Note that Eq. 3 uses a different approach than used for Eqs. 1 and 2. This is because unlike the timberland attributes, we do not have any potential over-counting of electricity generation across zones.

2.4 Explanatory variables associated with changes in timberland attributes

Changes in forest resources around wood-using power plants are caused by many factors including forest management and policies, land use changes, forest types, natural disasters, wood industries, and the power plants themselves. To have a comprehensive understanding, we gathered a set of explanatory variables that represent the most influential factors related to landscape changes within the analysis areas (Table 2).

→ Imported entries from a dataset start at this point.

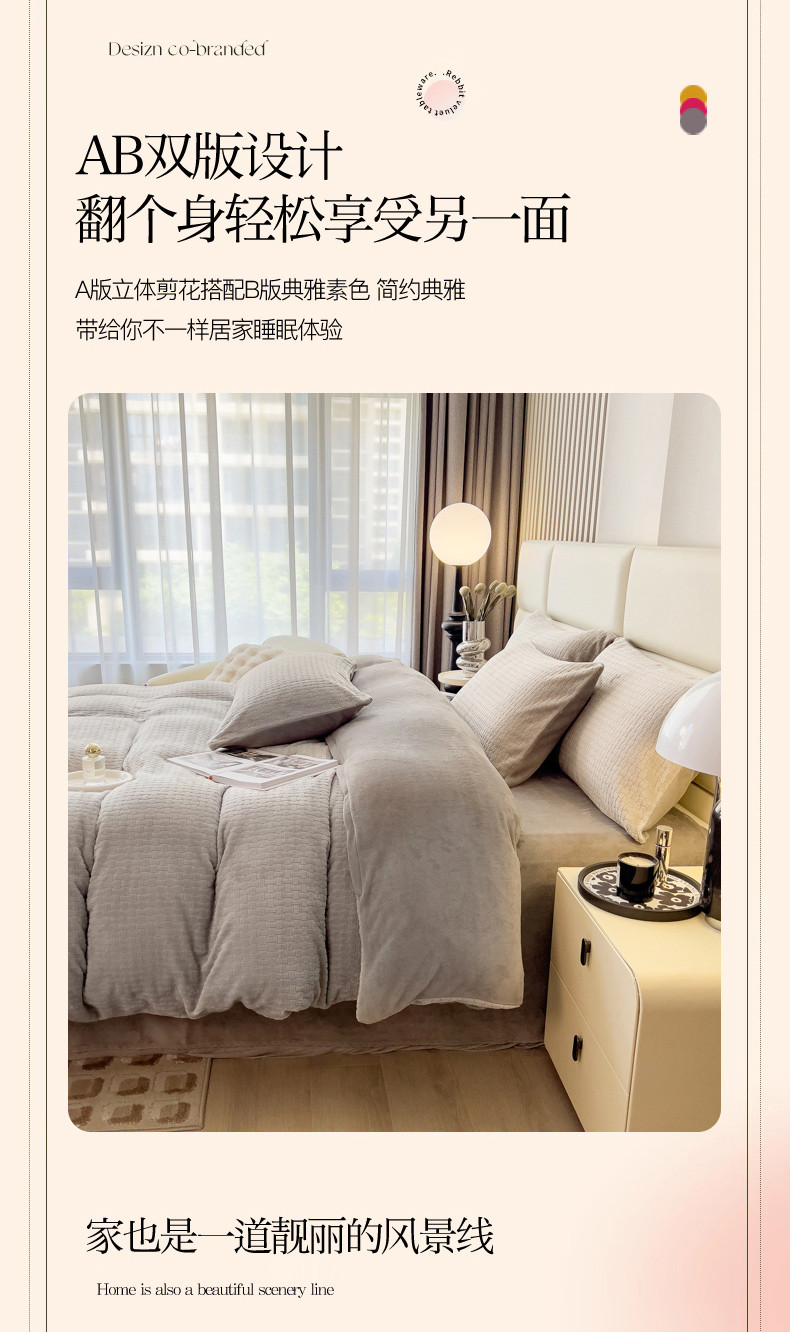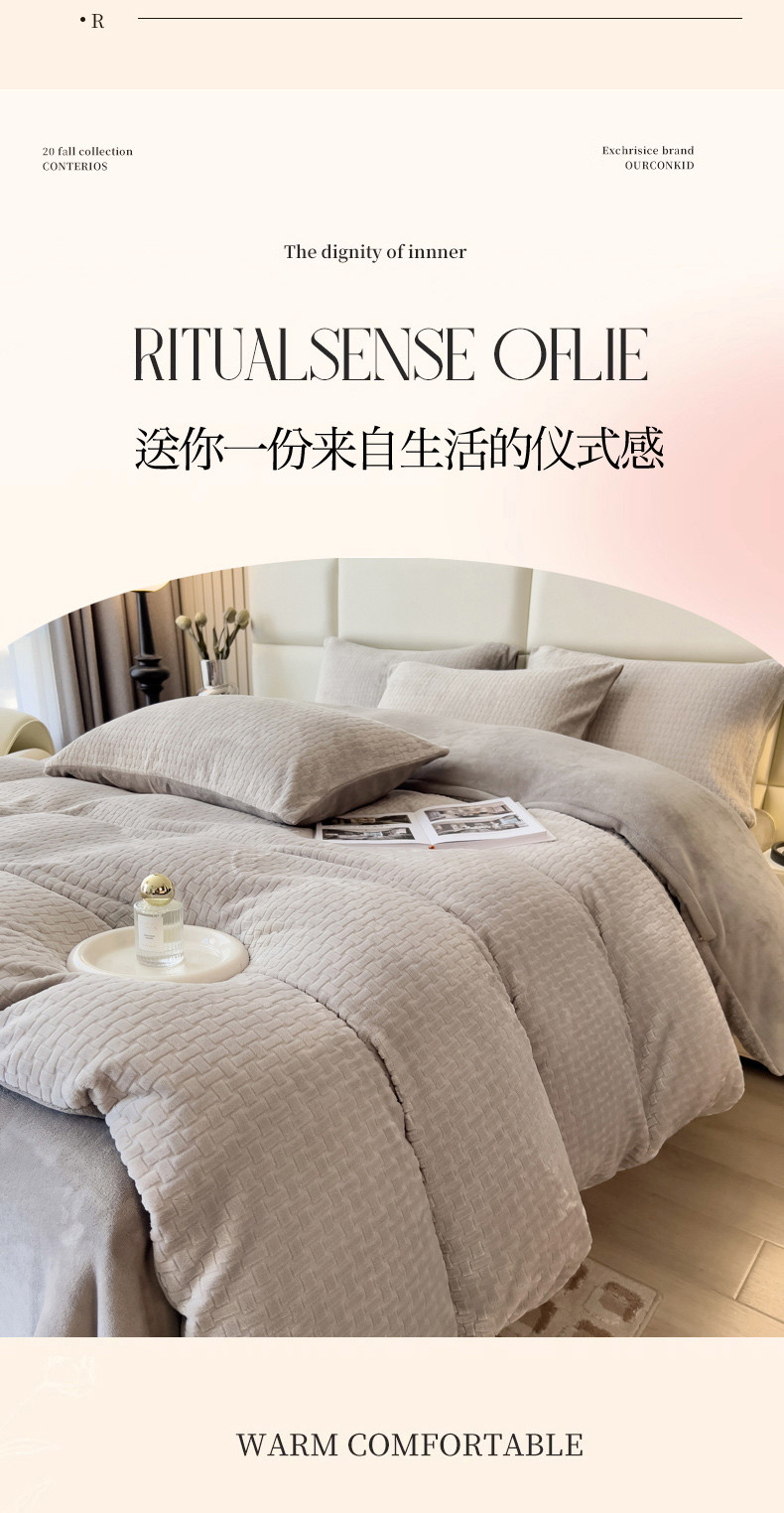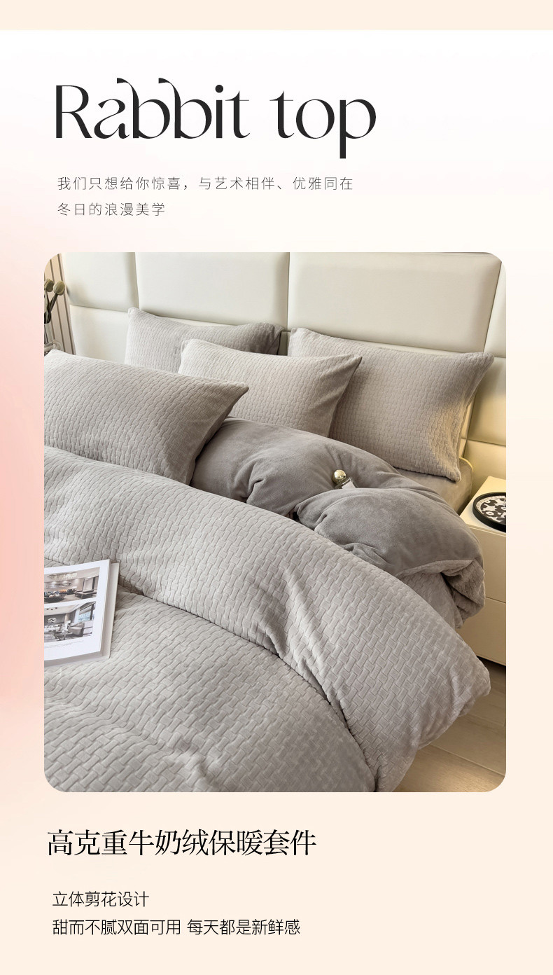 商品名称:印季 2024新款立体剪花牛奶绒保暖四件套-十字结 高级灰
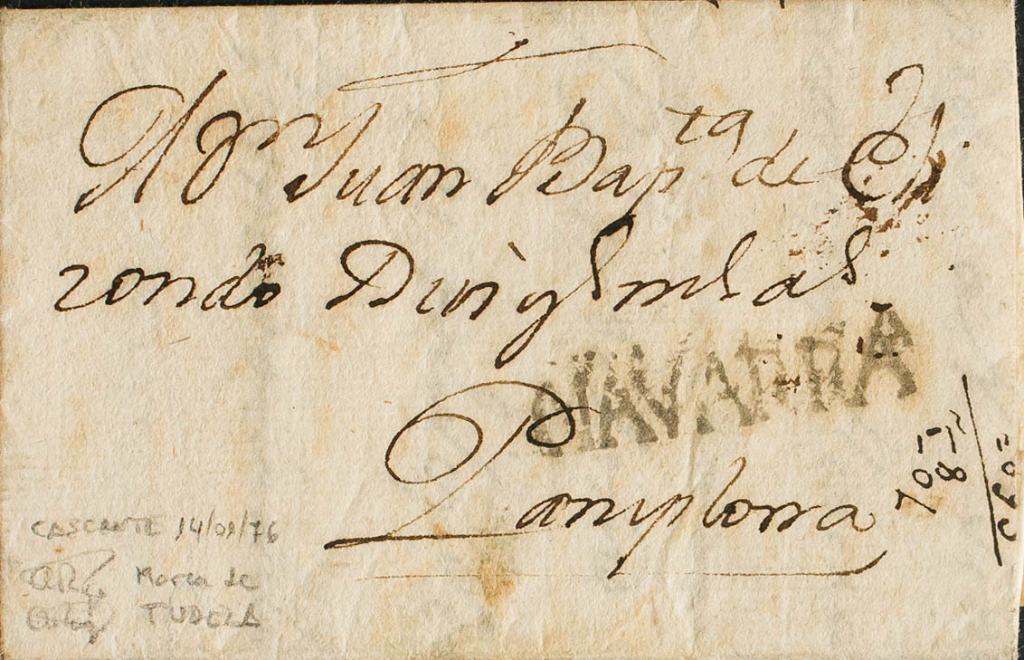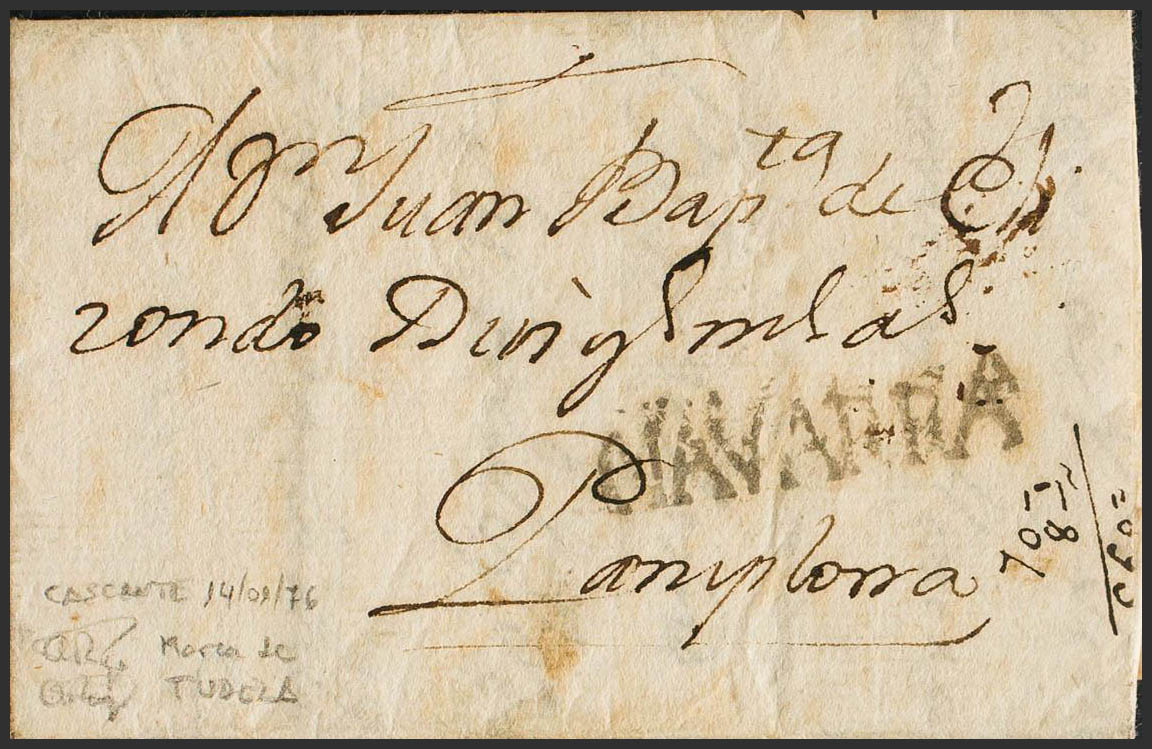 1776. CASCANTE a PAMPLONA. Marca NAVARRA, de Tudela (P.E.5) edición 2004. MAGNIFICA Y RARA.
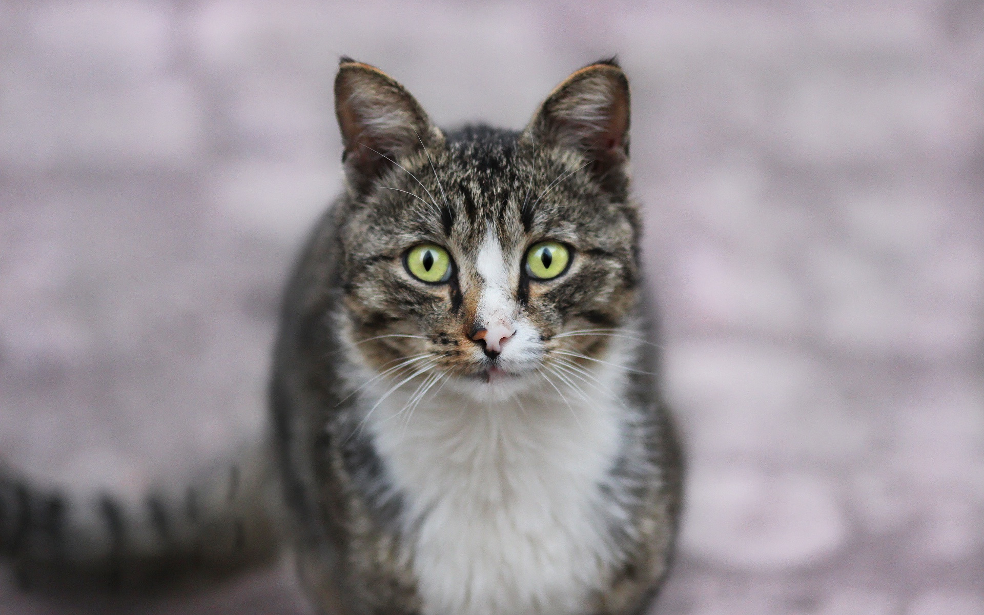 Description: A cat with green eyes looking up at the camera with a blurry background behind it and a white spot on the right side of the cat's face.
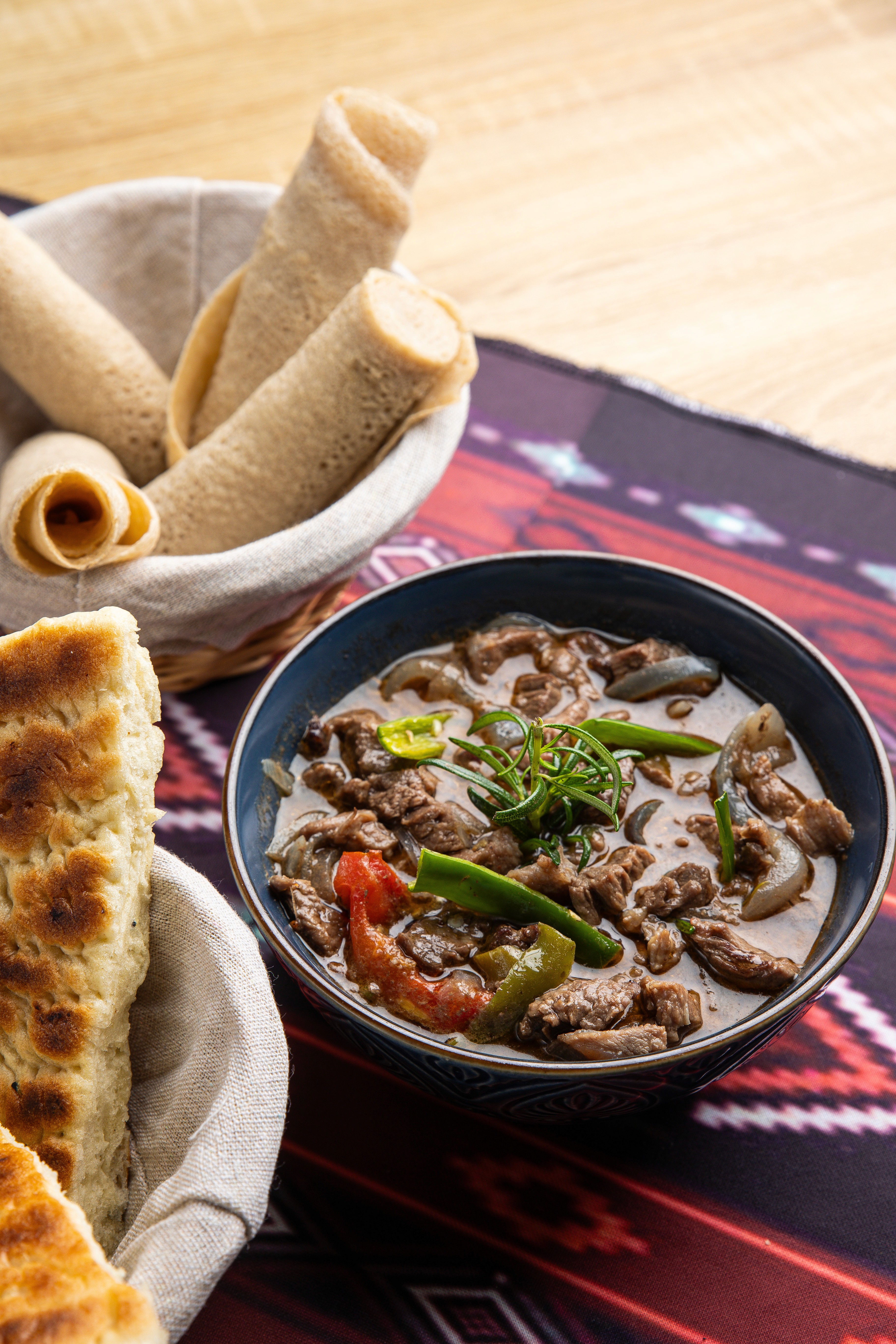 Wołowina długo gotowana w berbere z cebulą, czosnkiem i masłem przyprawionym. Wyrazisty smak etiopski. Podawana z: etiopskim twarogiem (ayib) i Alicha Siga Be Dinch.
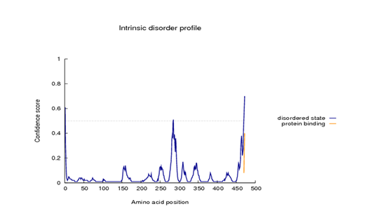 Detection of hinge points is crucial in characterizing the dynamics and flexibility of a protein, since, hinge motions are similar to rotations around an articulated joint and therefore can be very large. Hinge motion is characterized by large changes in main-chain torsional angles occurring at a localized region and usually involves a small number of residues, since even one bond can provide the required rotational freedom. This kind of protein motion is free of packing constraints. When a chain exhibits hinge motion at the region connecting two structural domains, each domain behaves as a rigid body and packing interactions can appear/disappear between the interfaces of those rigid bodies. Hinge motions usually occur upon binding to another molecule, or upon activation/deactivation of the protein. This was carried by three different methods, such as B-factor slop change (Figure 17a), and force constant method see Figure 17b and dynamic domain detection methods see Figure 17c. Even if the movements are specific for each domain, it has been observed segmentation in each rigid body with residues 1-68, 174-215, 258-472 and residue leu 190, ser 191, phe 192, val 193, arg 194, ser 195, pro 196, ala 197, asp 198, val 199, glu 200 are contributing flexibility in hinge regions.
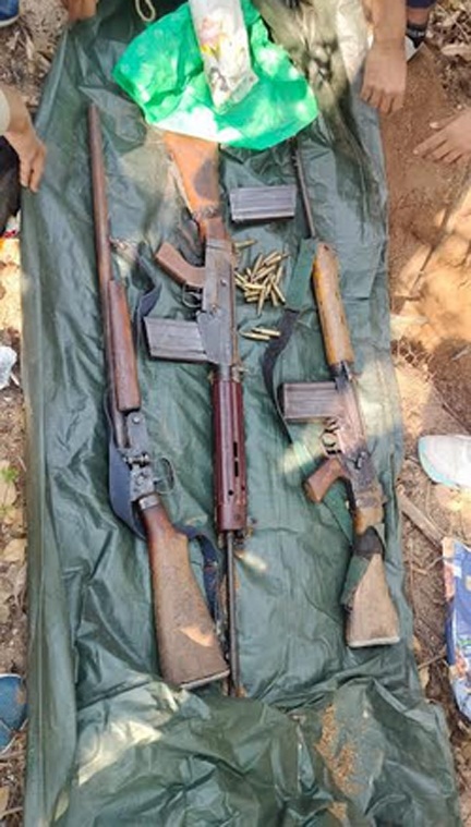 थाना मैनपुर के ग्राम बडेगोबरा के सातमारी पहाडी क्षेत्र में नक्सलियों द्वारा डम्प कर रखे 02 नग एसएलआर, 01 नग इंसास एवं 01 नग 12 बोर हथियार बरामद…
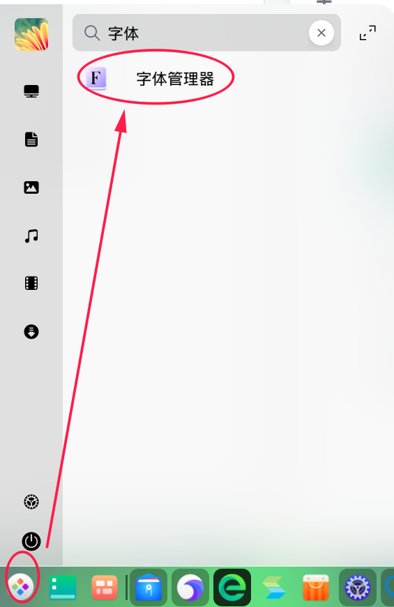 3)在UOS启动器中搜索字体管理器,并打开字体管理器;
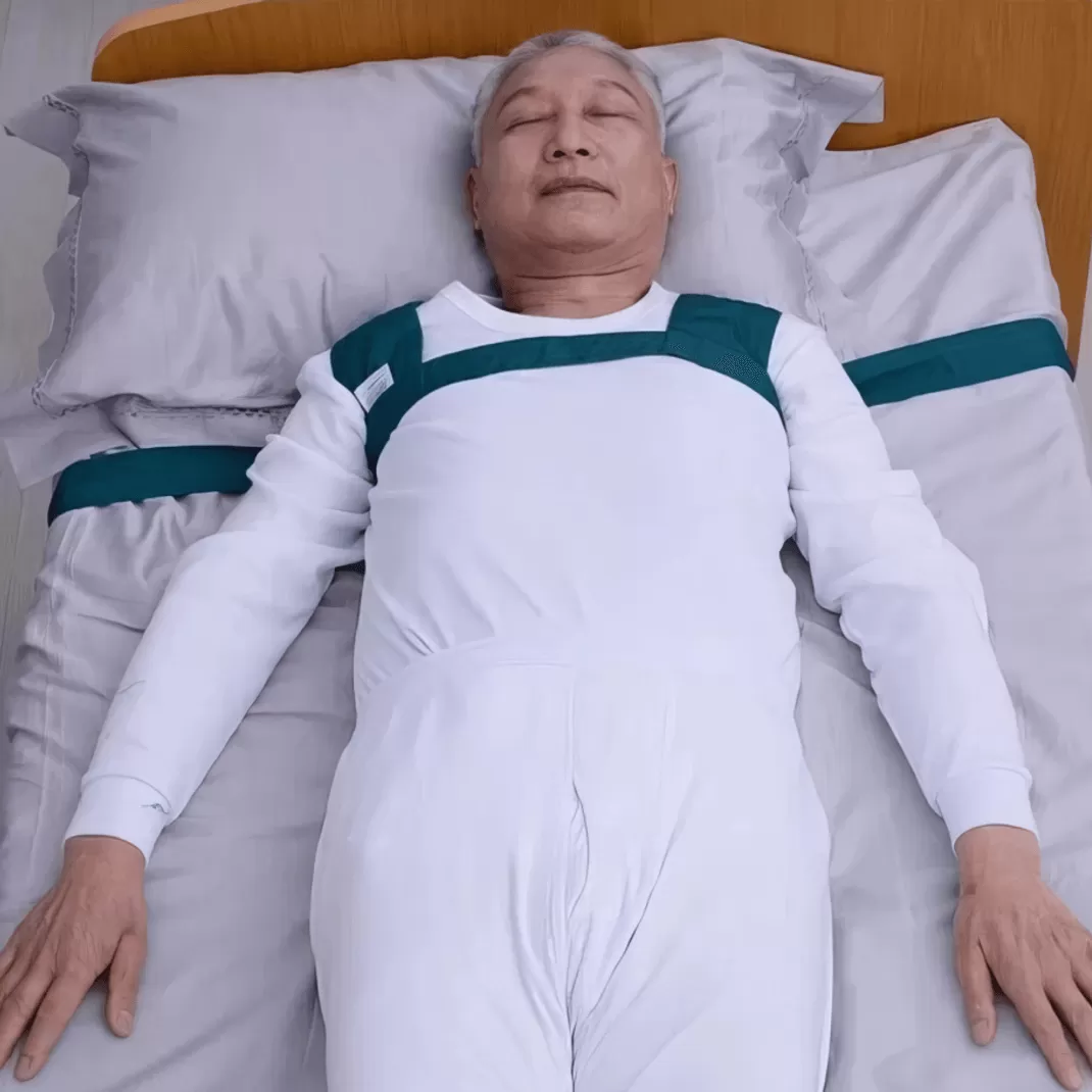 Конструкция жилета предотвращает падение с кровати. Крепится к кровати ремнями. Обеспечивает свободу для движения рук и ног.Особенности
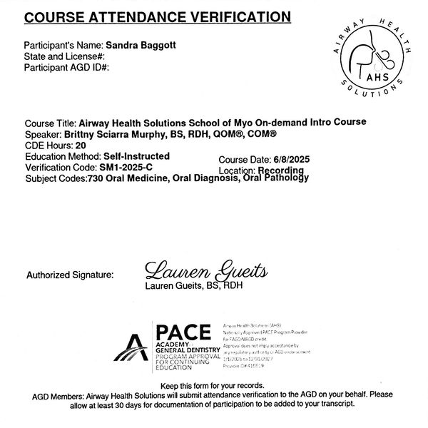 I have completed Airway Health Solutions School of Myo Course and have continued to build and develop my knowledge of Myofunctional Therapy.
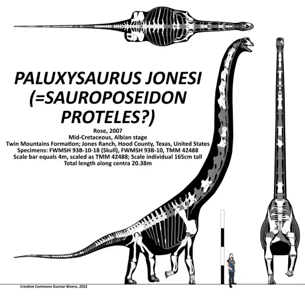 В 2007 году американский палеонтолог Питер Роуз по ископаемых остаткам и следам из Джонс-Ранч, округ Худ, северо-центральный Техас, научно описал род завропод Paluxysaurus, к которому отнёс единственный вид — P. jonesi. Родовое название относится к расположенной неподалёку от места обнаружения остатков общине Пэлакси и одноимённой реке, протекающей через эту местность. Видовое название дано в честь Уильяма Джонса, с разрешения которого на протяжении почти двух десятилетий (на момент открытия) на его земле проводились раскопки. В качестве голотипа был выбран образец FWMSH 93B-10-18, представленный ассоциированными верхней челюстью, носовой костью и зубами. Также были описаны семь шейных позвонков, тринадцать спинных и тридцать хвостовых, а также почти все кости конечностей и поясов конечностей[11]. В 2012 году Майкл Д'Эмик и Брэди Форман описали дополнительный материал завропод из формации Кловерли в Вайоминге и пришли к выводу, что материал из Оклахомы, Техаса и Вайоминга принадлежит к одному и тому же виду, что сделало Paluxysaurus и P. jonesi младшими синонимами Sauroposeidon и S. proteles соответственно[6].
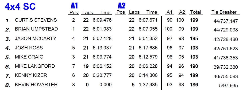 4×4 SC was a great battle between Curtis Stevens and Brian Umpstead. A1 went to TQ Brian Umpstead by a comfy 7 seconds plus. A2 would be a whole different story. Having a horrible start, Umpstead fell back to dead last after the 1st lap. Curtis Stevens would take over the lead and was making a mad dash for the finish line. Like a surgeon, Umpstead would cut his way through traffic and with 2 laps to go, he would reel in and catch the leader and put Stevens under immense pressure! On the last lap Umpstead would give it all he had and crossing the line, it would be Curtis Stevens taking the win by .3 seconds! By winning A2, he would take the tie breaker and win the overall. Great race guys!
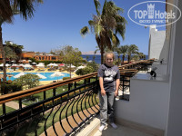 До отеля мы ехали минут 15 максимум. Заселялись мы одни, на ресепшене очень вежливый персонал, заселили нас сразу и в отличный номер, с видом на бассейн и частично море. В номере две кровати, но так как мы были с ребенком, нам тут же принесли еще одну кровать.

We included four variables to determine changes in timberland conditions associated with biopower generation. These were as follows: a dichotomous variable distinguishing biopower generators from non-biopower generators to discern overall biopower effects, total biopower generation over each three-year forest inventory window to evaluate effects of bioenergy generation, average years of biopower operation to control temporal effects of the biopower plants’ presence, and number of biopower plants whose procurement zones intersect with an analysis area to estimate the effect of increased pressure on forest resources.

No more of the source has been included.